David Llewellyn-Smith is Chief Strategist at the MB Fund and MB Super. David is the founding publisher and editor of MacroBusiness and was the founding publisher and global economy editor of The Diplomat, the Asia Pacific’s leading geo-politics and economics portal.

He is also a former gold trader and economic commentator at The Sydney Morning Herald, The Age, the ABC and Business Spectator. He is the co-author of The Great Crash of 2008 with Ross Garnaut and was the editor of the second Garnaut Climate Change Review.


  1. “The one thing missing form the article is an assessment of the costs of producing terrestrial gas. It is not cheap enough to bring down the price.”

    Not too many gas producers in the US are making money at the moment. But is stopping them producing natural gas? And is this stopping cheap natural gas from being a critical input to the US manufacturing resurgence?

    • Spot on. Also, Morgan Stanley’s analysis doesn’t reflect the reality of the gas market in NSW and Queensland. Somehow these producers (especially in Queensland) are producing gas and aren’t going bankrupt, you can’t just take Morgan Stanley’s estimates as gospel for the entire continent.

      Additionally, the breakeven price isn’t the be all and end all for gas prices. Much like the electricity market, gas retailers have an interest in taking possession of upstream gas supplies as a hedge against increasing prices, even if the breakeven price might seem high on first glance.

      • Fair enough. Elsewhere I’ve written about the the break even costs of the Gladstone plants all being the the vicinity of $12.

        Given the the gasification process is about $5, that’s still QLD CSG pumped out $7. Similar price range.

        And no, not all gas is the same. But all of the plants are in this range so the average price must be.

  2. The US producers are making money from the associated liquids, which is leading to a gas glut as they drill baby drill. In Oz, we mostly have dry gas in the big unconventional projects mooted so far, so they need to stand on their own on the gas price.
    Note also, the Morgan Stanley costs projections are for shale gas, CSG is substantially cheaper, c. $4Gj depending on the project. This is the real reason the pressure is on NSW/VIC to reverse the CSG rules as CSG is next cab off the rank on the cost curve. There is plenty of unconventional gas at higher cost of production, but the low cost QLD CSG is committed to LNG, and the NSW & VIC CSG is effectively off-limits.
    Orica and Alcoa have both recently invested in gas explorers as a hedge against looming price rises, I expect in the absence of reservation policies, others will follow.

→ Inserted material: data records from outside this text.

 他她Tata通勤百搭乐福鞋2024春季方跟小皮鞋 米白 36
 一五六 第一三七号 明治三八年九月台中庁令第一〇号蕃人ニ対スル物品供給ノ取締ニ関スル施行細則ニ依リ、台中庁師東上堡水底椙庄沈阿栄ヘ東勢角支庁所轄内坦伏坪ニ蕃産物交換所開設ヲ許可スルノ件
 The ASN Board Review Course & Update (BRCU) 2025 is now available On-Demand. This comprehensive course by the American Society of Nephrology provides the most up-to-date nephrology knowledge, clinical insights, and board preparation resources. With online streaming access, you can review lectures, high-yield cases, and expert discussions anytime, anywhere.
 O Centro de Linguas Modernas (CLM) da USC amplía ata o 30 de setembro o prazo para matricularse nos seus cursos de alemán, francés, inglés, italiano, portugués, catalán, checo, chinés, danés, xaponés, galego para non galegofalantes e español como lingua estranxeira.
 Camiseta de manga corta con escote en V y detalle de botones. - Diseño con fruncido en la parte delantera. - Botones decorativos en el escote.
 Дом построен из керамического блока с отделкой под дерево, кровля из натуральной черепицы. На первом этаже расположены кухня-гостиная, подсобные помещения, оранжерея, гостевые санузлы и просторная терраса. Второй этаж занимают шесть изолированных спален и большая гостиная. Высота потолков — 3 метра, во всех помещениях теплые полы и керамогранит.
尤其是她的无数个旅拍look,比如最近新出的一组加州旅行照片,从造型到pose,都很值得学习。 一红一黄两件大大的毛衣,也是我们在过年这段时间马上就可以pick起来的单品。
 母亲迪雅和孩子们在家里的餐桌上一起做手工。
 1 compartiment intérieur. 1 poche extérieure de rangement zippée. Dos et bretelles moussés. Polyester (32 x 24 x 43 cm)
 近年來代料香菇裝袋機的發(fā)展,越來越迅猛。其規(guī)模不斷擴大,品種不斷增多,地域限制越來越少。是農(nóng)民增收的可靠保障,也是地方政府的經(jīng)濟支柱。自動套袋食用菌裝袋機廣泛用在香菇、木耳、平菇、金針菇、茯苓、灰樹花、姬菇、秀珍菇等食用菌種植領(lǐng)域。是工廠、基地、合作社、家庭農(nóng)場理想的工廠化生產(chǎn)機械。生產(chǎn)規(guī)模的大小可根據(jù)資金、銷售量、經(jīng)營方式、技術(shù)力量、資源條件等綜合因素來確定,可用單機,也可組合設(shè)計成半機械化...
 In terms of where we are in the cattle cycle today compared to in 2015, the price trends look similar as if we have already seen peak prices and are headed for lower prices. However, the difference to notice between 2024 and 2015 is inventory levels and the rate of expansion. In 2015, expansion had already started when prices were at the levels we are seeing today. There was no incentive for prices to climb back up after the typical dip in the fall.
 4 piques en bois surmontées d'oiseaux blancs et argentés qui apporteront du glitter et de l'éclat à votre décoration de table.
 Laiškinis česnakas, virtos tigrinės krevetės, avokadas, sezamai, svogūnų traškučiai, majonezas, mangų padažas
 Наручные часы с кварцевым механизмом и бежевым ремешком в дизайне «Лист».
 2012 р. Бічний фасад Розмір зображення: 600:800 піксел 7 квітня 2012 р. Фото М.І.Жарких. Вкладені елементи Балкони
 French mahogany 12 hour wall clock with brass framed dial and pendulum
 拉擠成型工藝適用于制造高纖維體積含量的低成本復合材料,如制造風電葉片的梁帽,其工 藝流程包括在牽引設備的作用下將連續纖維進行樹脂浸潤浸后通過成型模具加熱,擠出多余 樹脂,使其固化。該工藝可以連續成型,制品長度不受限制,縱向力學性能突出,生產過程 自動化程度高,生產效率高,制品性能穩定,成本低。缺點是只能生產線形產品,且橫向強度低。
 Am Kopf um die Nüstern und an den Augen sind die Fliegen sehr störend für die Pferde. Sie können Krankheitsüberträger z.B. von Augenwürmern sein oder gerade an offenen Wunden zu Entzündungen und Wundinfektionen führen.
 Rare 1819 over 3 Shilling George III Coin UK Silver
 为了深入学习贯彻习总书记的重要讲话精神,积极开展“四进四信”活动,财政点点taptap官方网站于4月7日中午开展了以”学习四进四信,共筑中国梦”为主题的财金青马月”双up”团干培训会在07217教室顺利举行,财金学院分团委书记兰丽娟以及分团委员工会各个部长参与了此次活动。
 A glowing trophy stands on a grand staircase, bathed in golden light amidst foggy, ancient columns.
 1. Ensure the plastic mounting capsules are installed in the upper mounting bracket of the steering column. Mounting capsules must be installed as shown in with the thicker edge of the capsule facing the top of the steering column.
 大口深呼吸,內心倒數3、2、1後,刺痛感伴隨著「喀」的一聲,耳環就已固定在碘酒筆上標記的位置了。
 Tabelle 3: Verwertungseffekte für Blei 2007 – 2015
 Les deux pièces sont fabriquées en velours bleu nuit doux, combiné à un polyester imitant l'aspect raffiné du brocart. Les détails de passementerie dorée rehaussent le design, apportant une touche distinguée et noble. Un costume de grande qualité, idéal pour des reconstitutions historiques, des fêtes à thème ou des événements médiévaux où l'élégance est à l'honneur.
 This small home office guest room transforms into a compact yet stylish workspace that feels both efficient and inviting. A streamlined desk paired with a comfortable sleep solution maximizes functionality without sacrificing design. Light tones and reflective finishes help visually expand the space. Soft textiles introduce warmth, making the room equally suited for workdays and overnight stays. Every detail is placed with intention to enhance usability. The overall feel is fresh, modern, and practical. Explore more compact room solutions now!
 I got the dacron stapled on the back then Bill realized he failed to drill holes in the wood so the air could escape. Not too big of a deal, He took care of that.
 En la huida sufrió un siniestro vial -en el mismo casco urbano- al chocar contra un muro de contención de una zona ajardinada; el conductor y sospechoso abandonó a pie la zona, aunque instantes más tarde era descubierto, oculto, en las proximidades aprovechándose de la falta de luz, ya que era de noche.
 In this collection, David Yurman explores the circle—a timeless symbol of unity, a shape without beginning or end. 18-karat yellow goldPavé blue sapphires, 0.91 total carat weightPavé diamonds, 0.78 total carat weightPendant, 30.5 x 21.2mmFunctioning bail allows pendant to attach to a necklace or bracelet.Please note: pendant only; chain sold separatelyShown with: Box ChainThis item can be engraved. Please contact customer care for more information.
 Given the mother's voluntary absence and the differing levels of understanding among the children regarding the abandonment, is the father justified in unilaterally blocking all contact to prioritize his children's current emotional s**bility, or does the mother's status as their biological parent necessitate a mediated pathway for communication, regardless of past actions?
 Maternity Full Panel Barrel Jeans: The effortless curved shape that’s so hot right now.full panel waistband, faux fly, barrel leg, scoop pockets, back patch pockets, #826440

    • Granted, yes, on the MS stuff. I should have made that more clear. But the high break even costs of the Gladstone plants still suggest CSG is in a similar price range…

  3. ???

    “I should have been more clear”?

    Could have said, this is a consideration for the MS costs while looking at a shale project in the Cooper.

    Which offers a very different project because

    a) labor costs are different in the desert

    b) the pumping tariffs to get the gas to market from the cooper would be substantially higher

    c) if you don’t explore introduce the next wave of supply how will you ever reduce costs, let alone keep a lid on them

    d) the tight gas sands that are being targeted in the Gippsland basin are a very different type of field to that in the Cooper.

    In Victoria, I would absolutely agree that there is nothing more important than the issue that they have highlighted as being the essential ingredient to any industry. The farmers and communities trust needs to be won and the incentives and risks made equally clear to them. Opaque is not a colour they should be seeking to paint the industry in to the community.